The Datchet Diamonds (Thriller Novel). Richard Marsh
five-and-twenty thousand pounds would mean! It would mean the difference between hope and helplessness, between opportunity and despair. With his experience, on such a foundation he could easily build up a monstrous fortune--a fortune which would mean happiness--Daisy's and his own. Then the five-and-twenty thousand pounds could be easily returned. Compared with what he would make with it, it was but a trifle, after all.
And then the main point was--and Mr. Paxton told himself that on that point rested the crux of the position--it would not be the Duchess of Datchet who would be despoiled; it was the robbers who, with true poetic justice, would be deprived of their ill-gotten gains. She had lost them in any case. He--he had but found them. He endeavoured to insist upon it, to himself, that he had but found them. True, there was such a thing as the finder returning what he had found--particularly when he suspected who had been the loser. But who could expect a man situated as he was to throw away a quarter of a million of money? This was not a case which could be judged by the ordinary standards of morality--it was an unparalleled experience.

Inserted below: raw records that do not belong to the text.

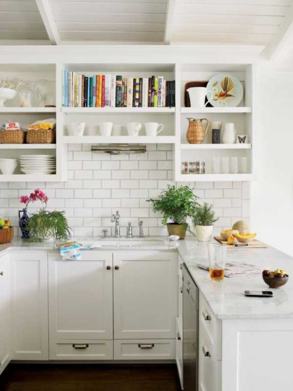 Прованс любит открытые полки — для посуды, баночек с крупами и специями, мелкой кухонной утвари и красивого декора. Но в городской квартире будьте готовы часто вытирать с них пыль.
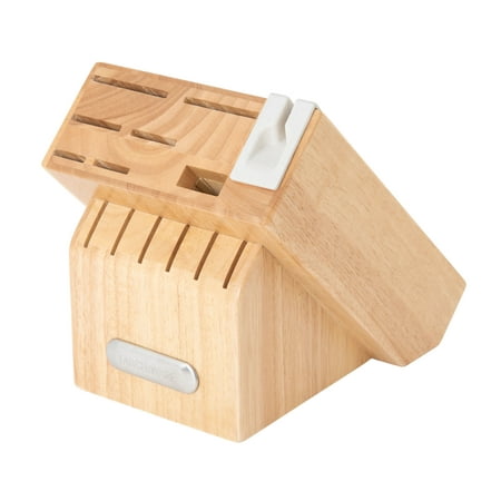 This Farberware Professional 14-Piece Forged Triple-Riveted Knife Block Set comes in a natural wood color and includes all the everyday essentials for food prep tasks. Knives feature high-carbon, stainless steel blades for strength and durability, with a razor-sharp edge for effortless cutting. Handles are ergonomically designed for a comfortable grip. All knives store neatly in the attractive wood storage block, which has a convenient sharpener built right in so you can sharpen blades any time. 14-piece set includes: an 8 inch chef knife, 8 inch slicing knife, 7 inch Santoku knife, 5 inch boning knife, 5 inch serrated utility knife, 3.5 inch paring knife, all-purpose shears, six 4.5 inch steak knives, and a storage block. Set is BPA-free. Handwash with warm water and a mild detergent; rinse and dry immediately. Lifetime Limited Warranty.
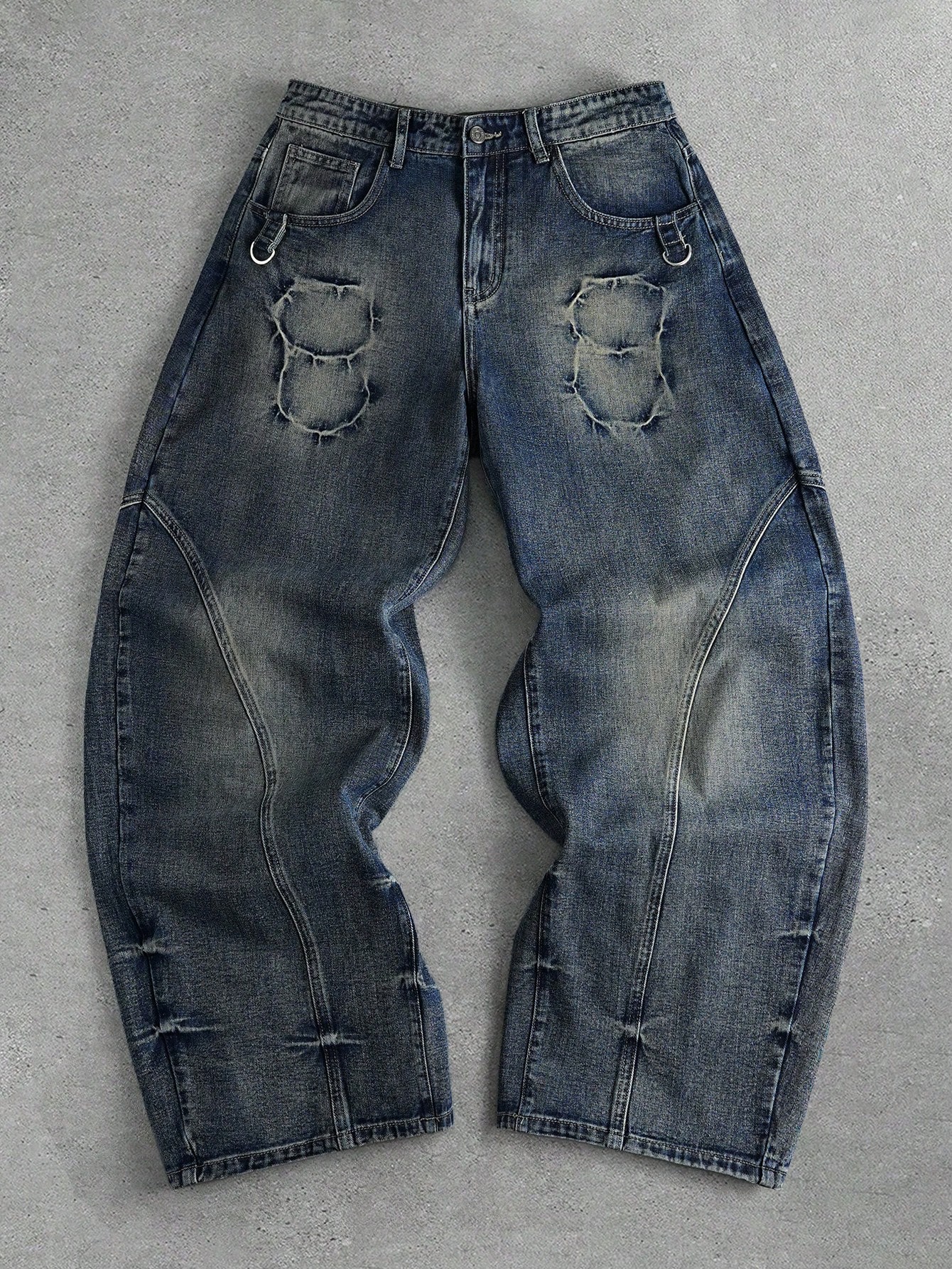 Street Life Men's Embroidered Pattern Relaxed Fit Jeans
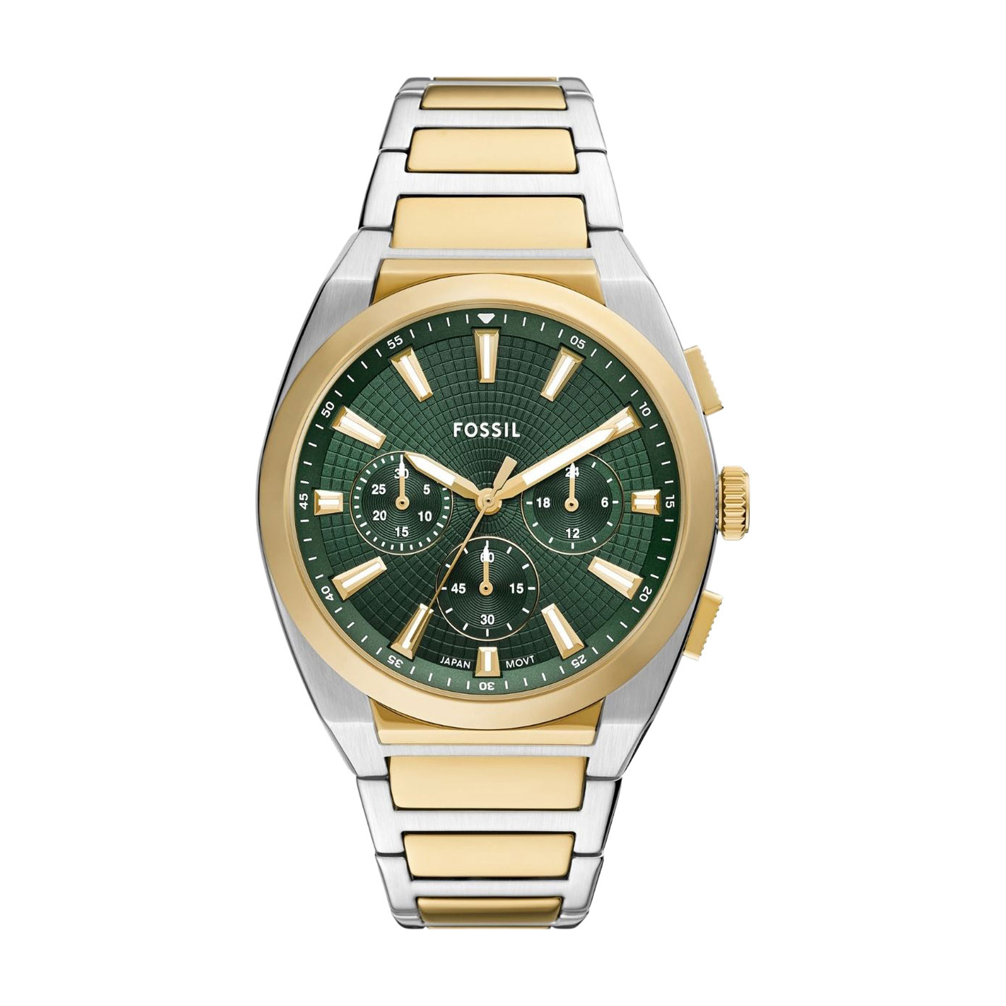 Exuding effortless style, the Everett Chronograph by Fossil. This sporty watch balances casual cool with refined sophistication. The sunray green dial, encased in a 44 mm round two-tone stainless steel case, lends a touch of modern inspiration. Functional details like Japanese chronograph quartz movement and a date window ensure this versatile timepiece keeps you on schedule. Slip on this iconic accessory and take on whatever comes your way.
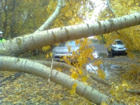 В Северодвинске на проезжую часть дороги упал тополь |
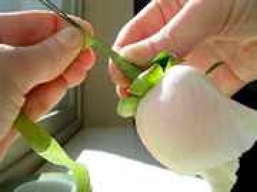 - Обрезаем бутон до нужной длины (примерно 2 см) и отделяем крайние лепестки, чтобы получился нежный небольшой бутон.
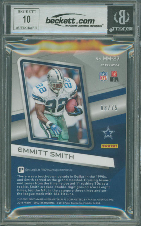 Cowboys Emmitt Smith Signed 2019 Panini Spectra Materials NB #27 Card BAS Slab
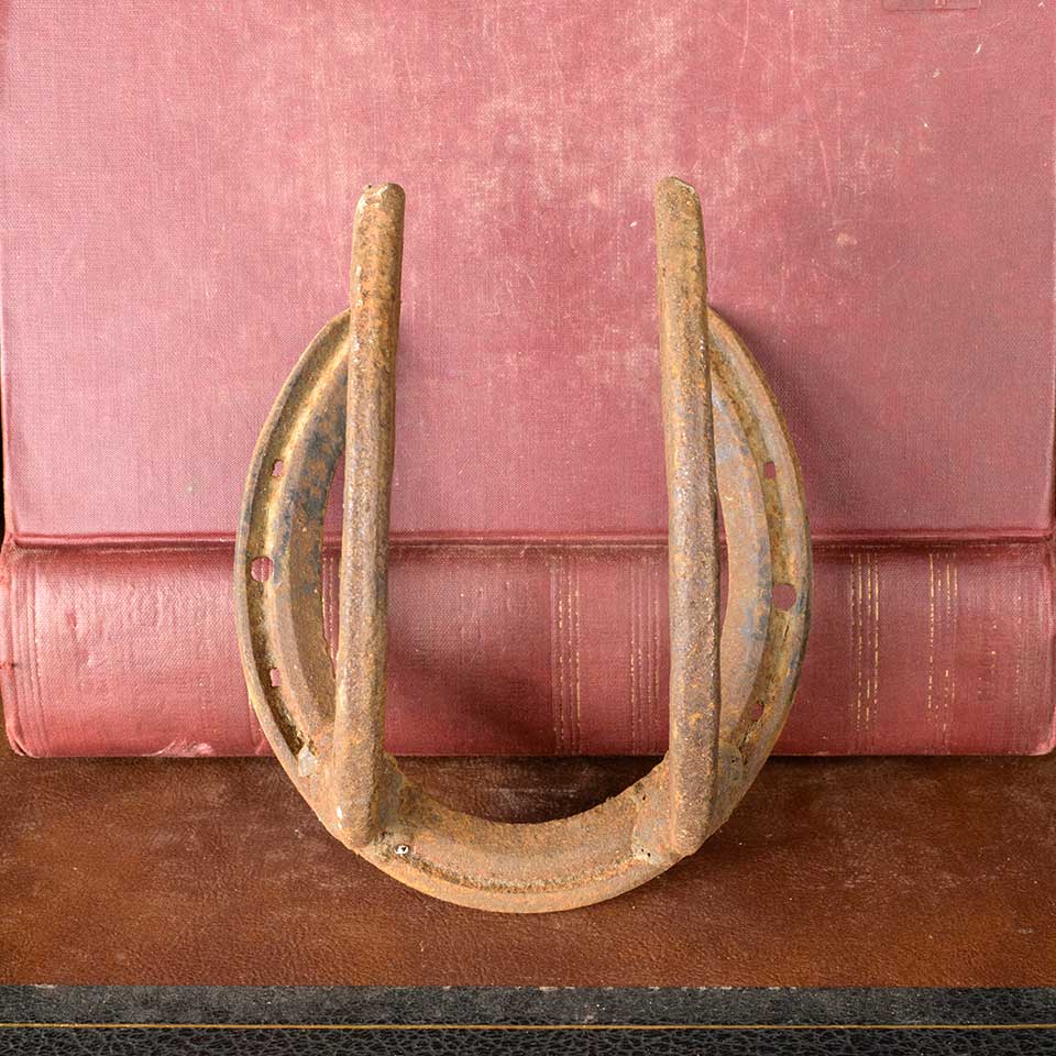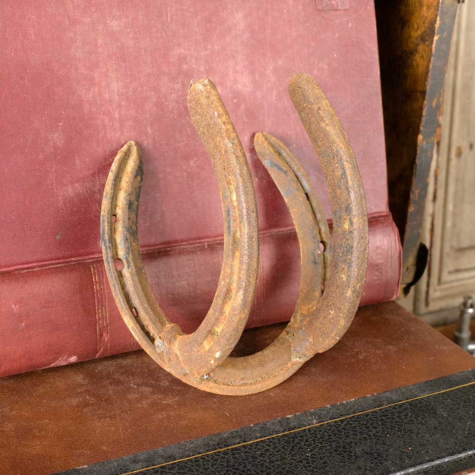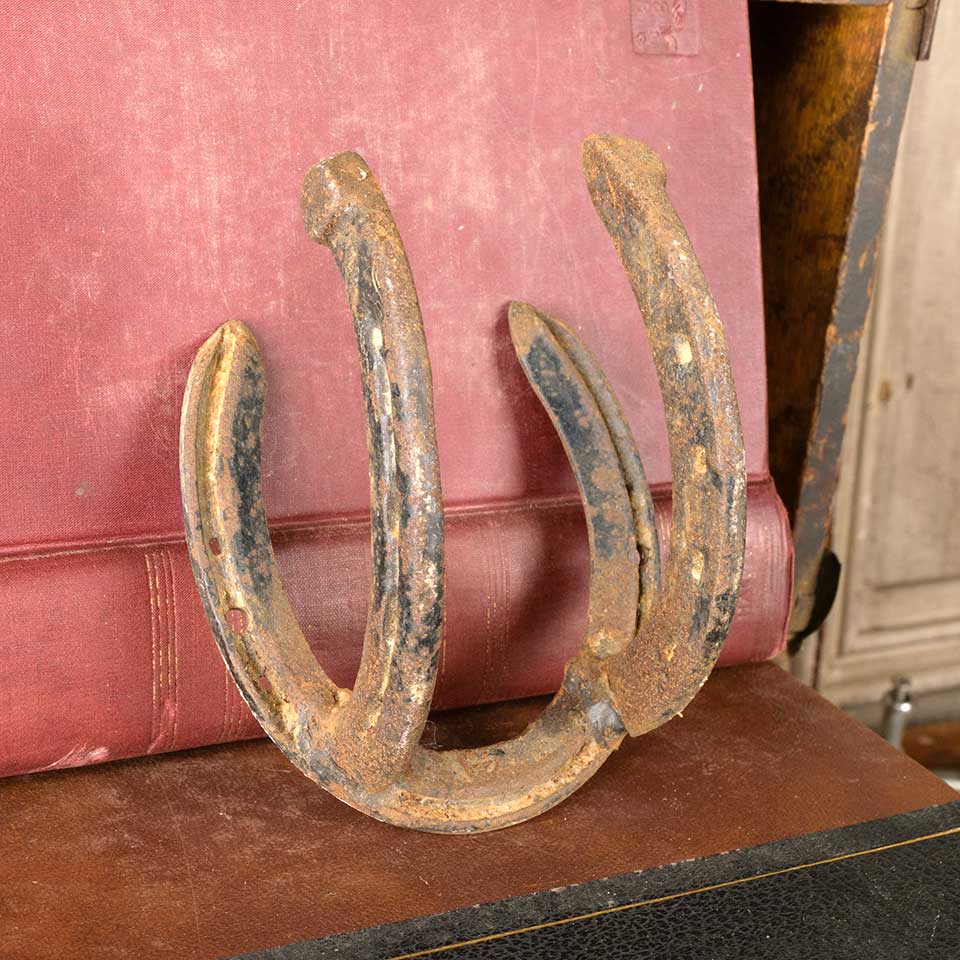 Architectural salvage antique blacksmith horseshoe wall hook measuring approx. 4 5/8" wide x 5" tall x 3" front to back. Size, color and condition vary.

Still, he could not bring himself to say, straight out, that he would stick to what he had got, and make the most of it. His mind was not sufficiently clear to enable him to arrive at any distinct decision. But he did what was almost equally fatal, he allowed himself, half unconsciously--without venturing to put it into so many words--to drift. He would see which way the wind blew, and then, if he could, go with it. For the present he would do nothing, forgetting that, in such a position as his, the mere fact of his doing nothing involved the doing of a very great deal. He looked at his watch, starting to find it was so late.
"Daisy will be tired of waiting. I must hurry, or she'll be off before I come."
He looked into the glass. Somehow there seemed to be a sort of film before his eyes which prevented him from seeing himself quite clearly, or else the light was bad! But he saw enough of himself to be aware that he was not looking altogether his usual self. He endeavoured to explain this in a fashion of his own.
"No wonder that I look worried after what I've gone through lately, and especially to-day--that sort of thing's enough to take the heart out of any man, and make him look old before his time." He set his teeth; something hard and savage came into his face. "But perhaps the luck has turned. I'd be a fool to throw a chance away if it has. I've gone in for some big things in my time; why shouldn't I go in for the biggest thing of all, and with one bold stroke more than win back all I've lost?"
He suffered his own question to remain unanswered; but he stowed the precious gems, higgledy-piggledy, inside the copy of the evening paper which contained the news of the robbery of the Duchess of Datchet's diamonds; the paper he put into a corner of the Gladstone bag which was not his; the bag he locked with greater care than he had opened it. When it was fastened, he stood for a moment, surveying it a little grimly.
"I'll leave it where it is. No one knows what there is inside it. It'll be safe enough. Anyhow, I'll give the common or garden thief a chance of providing for himself for life; his qualms on the moral aspect of the situation will be fewer than mine. If it's here when I come back I'll accept its continued presence as an omen."
He put on his hat, and he went out to find Miss Strong.